Exercise:
Exclude the images, then return every line below exactly as written.

Recorded data:
━━━━━━━━━━
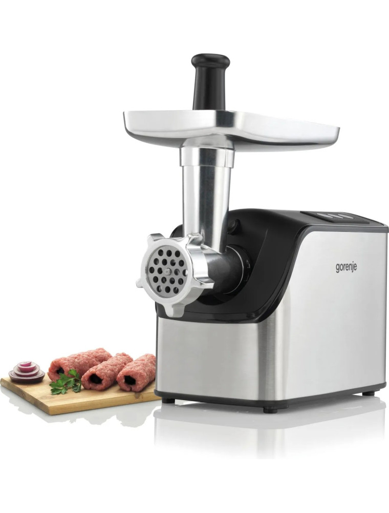 Электромясорубка от известного производителя бытовой техники Gorenje стоит недешево, но предлагает покупателю качественные материалы, высокую производительность и все необходимые функции для удобного использования. Корпус выполнен из пластика в сочетании с металлом. Прорезиненные ножки на дне обеспечивают устойчивость даже во время интенсивной работы. Дополнена модель вместительным загрузочным лотком из металла и пластиковым толкателем.
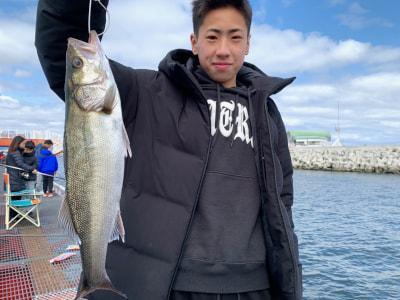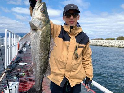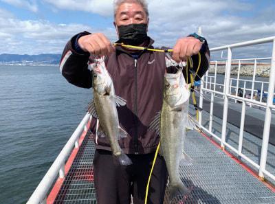 朝一は快晴!太陽がまっすぐに顔を出しました!風もなく釣り日和です!今の所は… 本日はエビ撒き釣りのお客様が沢山ご来園されています! 本日のモーニングチャンスはハネが立て付けに4本釣れています。タナは4〜5ヒロとやはり様々ですね。釣り場も西側、中央、東側と広範囲で釣れています。 7〜9時半までの間にハネの釣果は2倍に!現在40〜50cmで10匹まで来ました。現時点で昨日の1日の釣果を抜いています。やや東側が優勢といえば優勢です。風が強くないためか、アタリが取りやすいようですね。 アタリの出方もこれまた様々でウキが途中まで沈んでまた戻ってきたり、そのまま止まったり、完全に沈んだかなと思った矢先、また戻ってきたり、もちろん綺麗にスコン!っと入るアタリもありますが、微妙な冬らしいアタリの場合がほとんどです。仕掛けを投入する場所も十人十色で、足元にポトっと落とされる方、釣り場の内側に投げ込む方、やや前の方に打ち込む方、柱スレスレにウキを構える方などなど。どれも有効的な釣り方ですが、1番多いパターンは足元にポトっと落とす方法です。アタリがなかなか出なかったり、タナを変えても反応がない場合は、仕掛けを投入するポイントも変えてみてくださいね。 10時台にチヌが2枚!しかも43〜46とこれまでの小さなチヌを一蹴するように良いサイズが上がっています。タナはハネと変わらず、釣り方もエビ撒き釣りで釣れています。ノッコミ真っ最中の個体ですね。 46cmのチヌは大物賞更新しました!挑戦者求む! 11時を過ぎ、風がだんだんと強くなってきました。それに比例するように潮も西から東に向かって強く流れ始めました。潮の上の方が流れているようですが、ウキ釣りの方はなかなか釣りにくそうにされています。ですがハネ52cm、スズキ63cmと、大型が釣れました。やはりお昼間際から過ぎぐらいの時合いは大型がかかりやすいです。
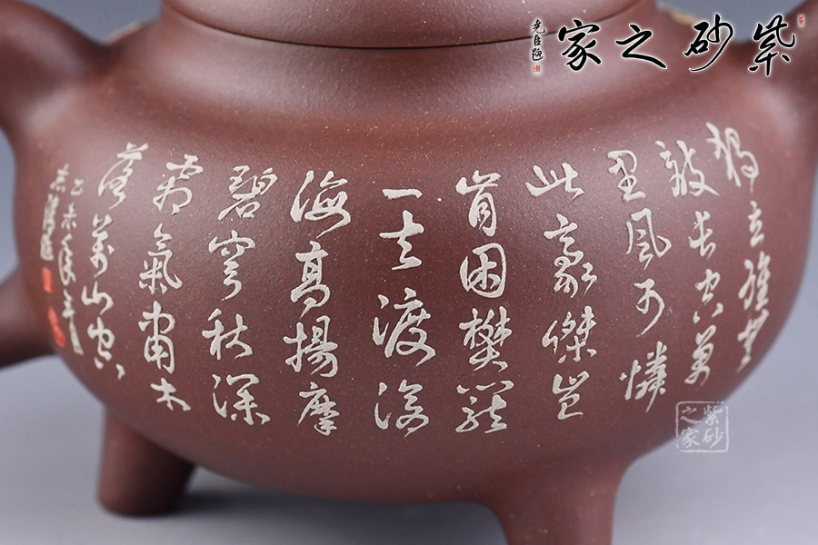 光貨離不開裝飾。俗話說“壺隨字貴,字隨壺傳”:光壺不刻字,就是一把光壺;壺上面刻了大師、名人的字,一把壺的含金量就高了,收藏價值就更高,升值潛力就更大。王福君與中國工藝美術(shù)大師譚泉海合作最多,其次是徐安碧、鮑志強(qiáng)、毛國強(qiáng)(均為中國工藝美術(shù)大師、中國陶瓷藝術(shù)大師)。
━━━━━━━━━━
Reply to the exercise:
 Электромясорубка от известного производителя бытовой техники Gorenje стоит недешево, но предлагает покупателю качественные материалы, высокую производительность и все необходимые функции для удобного использования. Корпус выполнен из пластика в сочетании с металлом. Прорезиненные ножки на дне обеспечивают устойчивость даже во время интенсивной работы. Дополнена модель вместительным загрузочным лотком из металла и пластиковым толкателем.
 朝一は快晴!太陽がまっすぐに顔を出しました!風もなく釣り日和です!今の所は… 本日はエビ撒き釣りのお客様が沢山ご来園されています! 本日のモーニングチャンスはハネが立て付けに4本釣れています。タナは4〜5ヒロとやはり様々ですね。釣り場も西側、中央、東側と広範囲で釣れています。 7〜9時半までの間にハネの釣果は2倍に!現在40〜50cmで10匹まで来ました。現時点で昨日の1日の釣果を抜いています。やや東側が優勢といえば優勢です。風が強くないためか、アタリが取りやすいようですね。 アタリの出方もこれまた様々でウキが途中まで沈んでまた戻ってきたり、そのまま止まったり、完全に沈んだかなと思った矢先、また戻ってきたり、もちろん綺麗にスコン!っと入るアタリもありますが、微妙な冬らしいアタリの場合がほとんどです。仕掛けを投入する場所も十人十色で、足元にポトっと落とされる方、釣り場の内側に投げ込む方、やや前の方に打ち込む方、柱スレスレにウキを構える方などなど。どれも有効的な釣り方ですが、1番多いパターンは足元にポトっと落とす方法です。アタリがなかなか出なかったり、タナを変えても反応がない場合は、仕掛けを投入するポイントも変えてみてくださいね。 10時台にチヌが2枚!しかも43〜46とこれまでの小さなチヌを一蹴するように良いサイズが上がっています。タナはハネと変わらず、釣り方もエビ撒き釣りで釣れています。ノッコミ真っ最中の個体ですね。 46cmのチヌは大物賞更新しました!挑戦者求む! 11時を過ぎ、風がだんだんと強くなってきました。それに比例するように潮も西から東に向かって強く流れ始めました。潮の上の方が流れているようですが、ウキ釣りの方はなかなか釣りにくそうにされています。ですがハネ52cm、スズキ63cmと、大型が釣れました。やはりお昼間際から過ぎぐらいの時合いは大型がかかりやすいです。
 光貨離不開裝飾。俗話說“壺隨字貴,字隨壺傳”:光壺不刻字,就是一把光壺;壺上面刻了大師、名人的字,一把壺的含金量就高了,收藏價值就更高,升值潛力就更大。王福君與中國工藝美術(shù)大師譚泉海合作最多,其次是徐安碧、鮑志強(qiáng)、毛國強(qiáng)(均為中國工藝美術(shù)大師、中國陶瓷藝術(shù)大師)。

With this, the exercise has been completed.